The above approach could also be applied to the Darth Maul, Anakin, and Luke amputations. Care should be taken as these examples will involve cutting through bone. Either the heat required to melt bone should be included or the heat required to transform water in bone into superheated steam, and pressurize the steam past bone's failure stress should be included. Or another approach that does involve a laser ablation model should be used.
It should be noted that these estimates, at best, are extremely crude lower indicators of a lightsabers power and cutting ability. The cutting speed for the laser ablator is a physical limit whereas the speed used by Han may simply be limited by how hard he chose to swing (or limited by his clothes) rather than a physical limitation of the lightsaber.

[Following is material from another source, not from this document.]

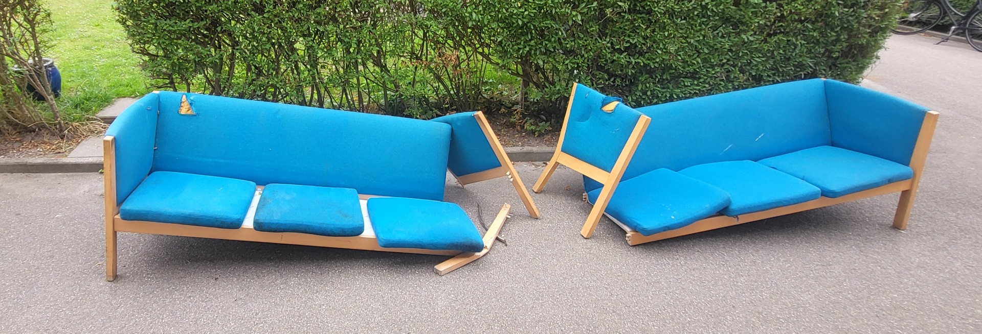 To 3er sofaer designet af Wegner, som var på vej i stort brændbart, da Kim faldt over dem. Han ville gerne selv have renoveret dem, men fandt til sidst opgaven for stor. Den enes "død" den andens brød. Vi købte dem af Kim for hvor ofte er det lige man for lov til at renovere en hel sofa???? gange to :-)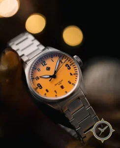 A Pilot watch with a bold 45.5mm presence on the wrist, crafted from stainless steel featuring a orange dial with a unique matte finish.

Again we have little reason to model the lightsaber as a laser ablatar other than the false nomenclature implied by the term light as well as the localized heating characteristics of both devices. Considering we have seen lightsabers cut through bone, unknown Star Wars alloys, AT-AT armor, the true power characteristics and thermal heating ability are presumably many, many orders of magnitude higher.
Back to takehome.
[1] Jacques, Steven, "Continuous Laser Ablation of Carbonized Tissues: Simple Rules." News Etc, May 1998.